SOURCE MATERIAL:
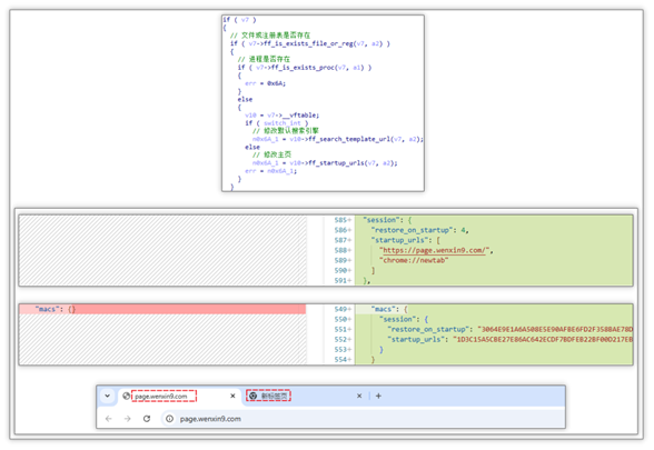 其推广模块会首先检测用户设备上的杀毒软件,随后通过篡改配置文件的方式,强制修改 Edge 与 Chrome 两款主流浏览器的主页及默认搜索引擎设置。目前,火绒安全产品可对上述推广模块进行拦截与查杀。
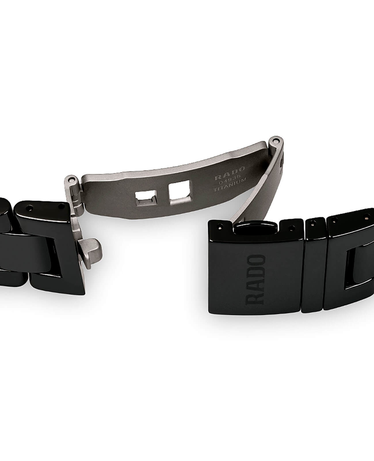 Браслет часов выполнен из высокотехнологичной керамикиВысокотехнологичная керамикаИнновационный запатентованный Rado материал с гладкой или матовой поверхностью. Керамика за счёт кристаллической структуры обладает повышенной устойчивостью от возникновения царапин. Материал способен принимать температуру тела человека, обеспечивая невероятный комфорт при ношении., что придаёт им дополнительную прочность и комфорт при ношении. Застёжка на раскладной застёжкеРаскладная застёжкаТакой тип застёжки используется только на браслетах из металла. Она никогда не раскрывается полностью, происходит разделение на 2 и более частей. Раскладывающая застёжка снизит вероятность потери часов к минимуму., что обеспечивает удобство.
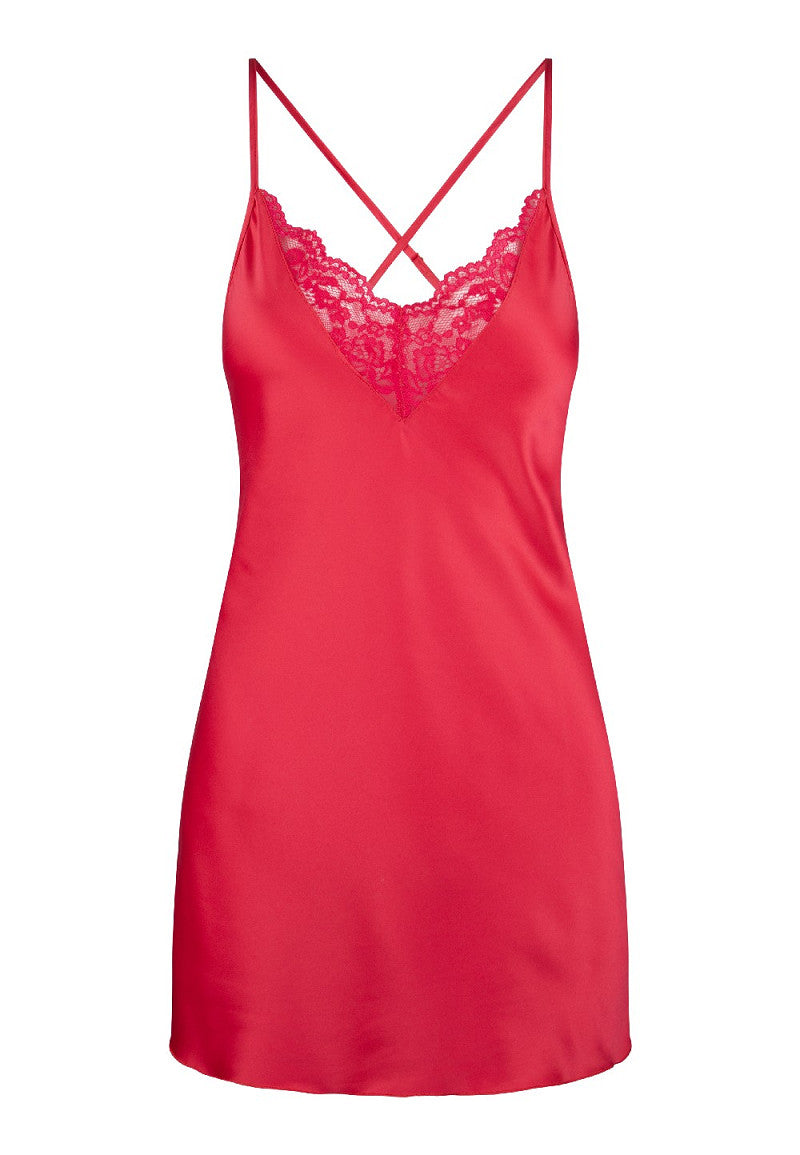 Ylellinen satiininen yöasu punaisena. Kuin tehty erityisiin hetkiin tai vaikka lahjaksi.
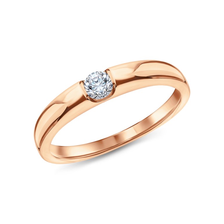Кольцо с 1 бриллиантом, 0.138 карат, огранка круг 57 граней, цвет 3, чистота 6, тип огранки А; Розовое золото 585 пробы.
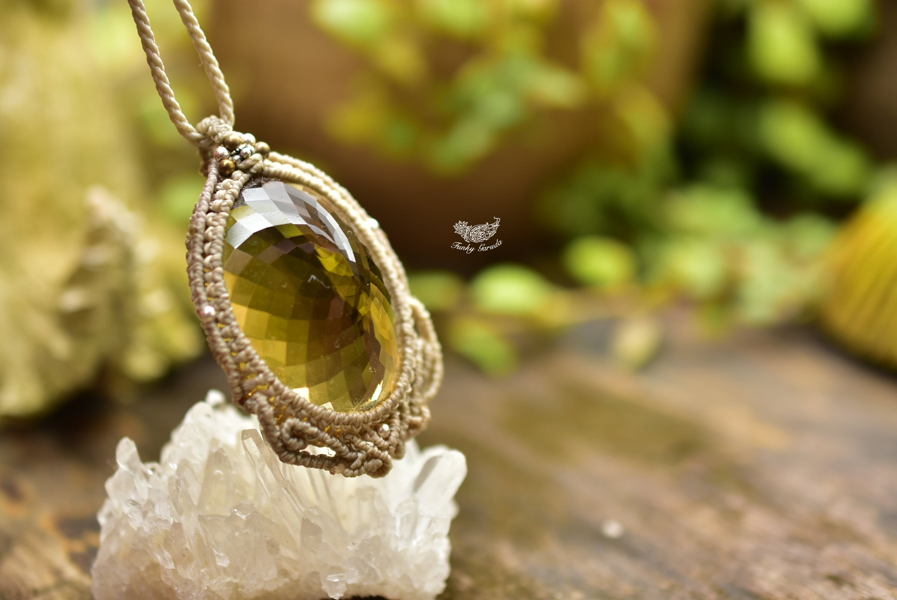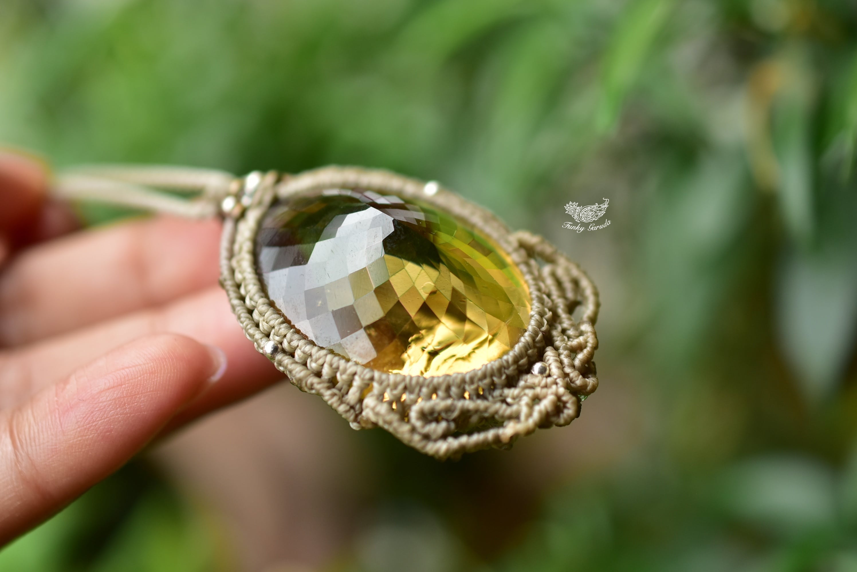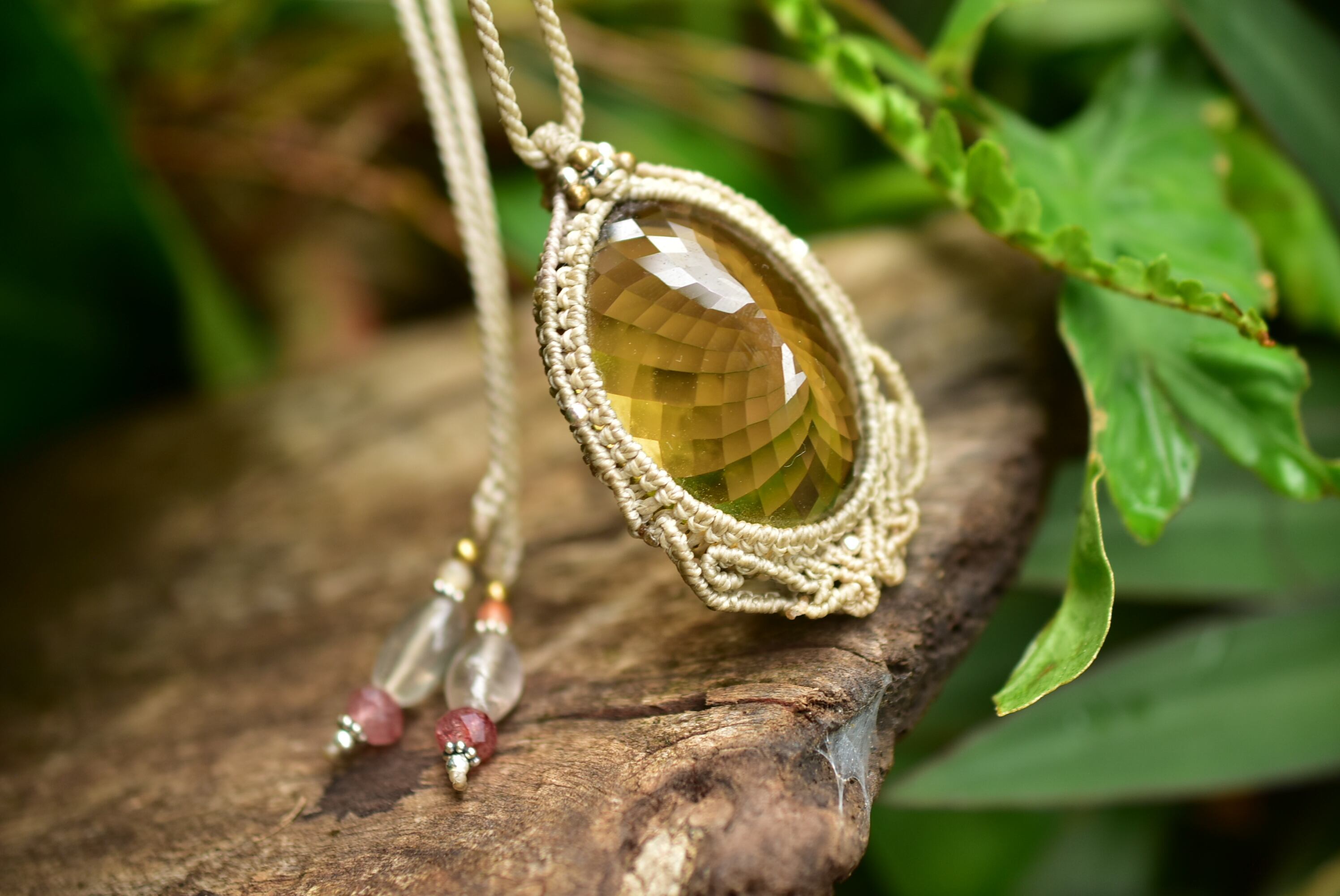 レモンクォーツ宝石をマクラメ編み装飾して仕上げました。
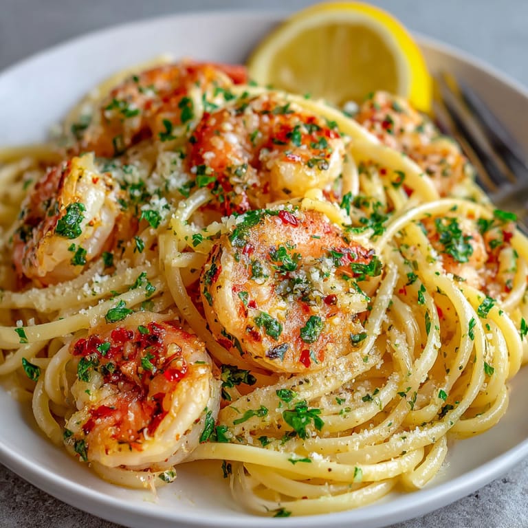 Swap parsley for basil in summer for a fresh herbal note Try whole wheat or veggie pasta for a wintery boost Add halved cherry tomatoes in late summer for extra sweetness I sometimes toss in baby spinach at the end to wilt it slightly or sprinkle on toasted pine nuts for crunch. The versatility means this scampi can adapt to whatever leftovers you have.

--

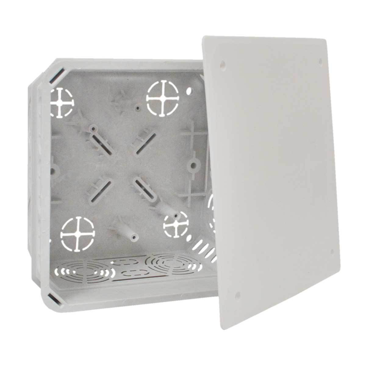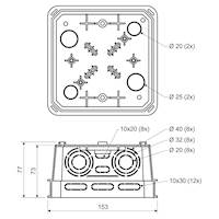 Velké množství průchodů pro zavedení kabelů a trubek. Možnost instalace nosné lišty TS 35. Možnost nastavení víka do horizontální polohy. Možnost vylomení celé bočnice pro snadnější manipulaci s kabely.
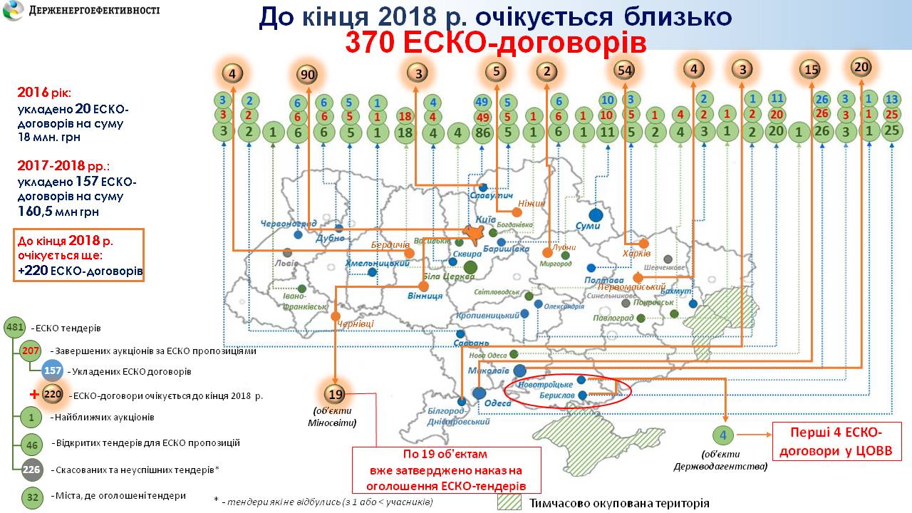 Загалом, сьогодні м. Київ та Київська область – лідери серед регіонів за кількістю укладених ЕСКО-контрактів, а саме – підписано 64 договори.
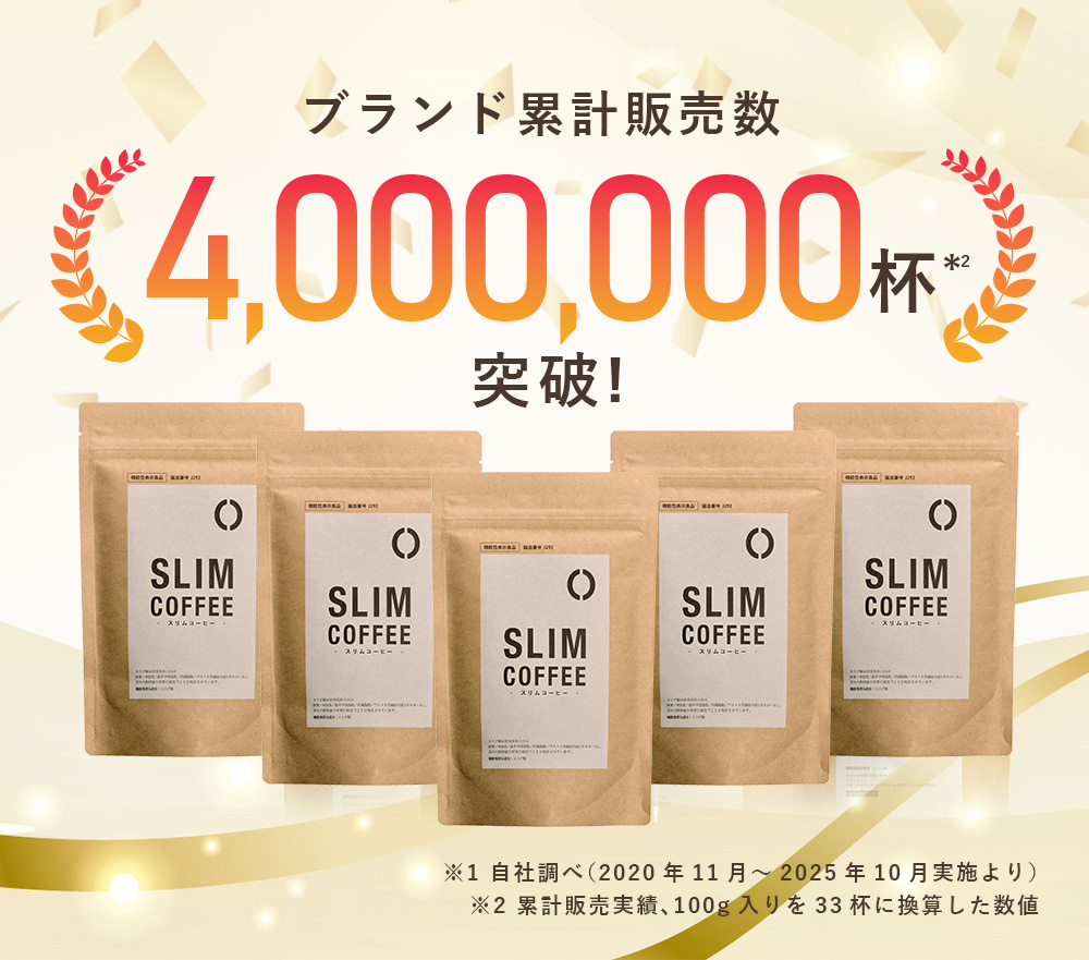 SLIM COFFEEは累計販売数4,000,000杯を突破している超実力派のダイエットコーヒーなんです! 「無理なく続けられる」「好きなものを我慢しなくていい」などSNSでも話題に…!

TASK REQUIREMENTS: In the entries above, find the line that contains "Кольцо с 1 бриллиантом, 0.138" and the line that contains "レモンクォーツ宝石をマクラメ編み装飾して仕上げました。". Reproduce exactly those two lines and every line between them, but not the pictures.

RESPONSE BOX:
Кольцо с 1 бриллиантом, 0.138 карат, огранка круг 57 граней, цвет 3, чистота 6, тип огранки А; Розовое золото 585 пробы.
 レモンクォーツ宝石をマクラメ編み装飾して仕上げました。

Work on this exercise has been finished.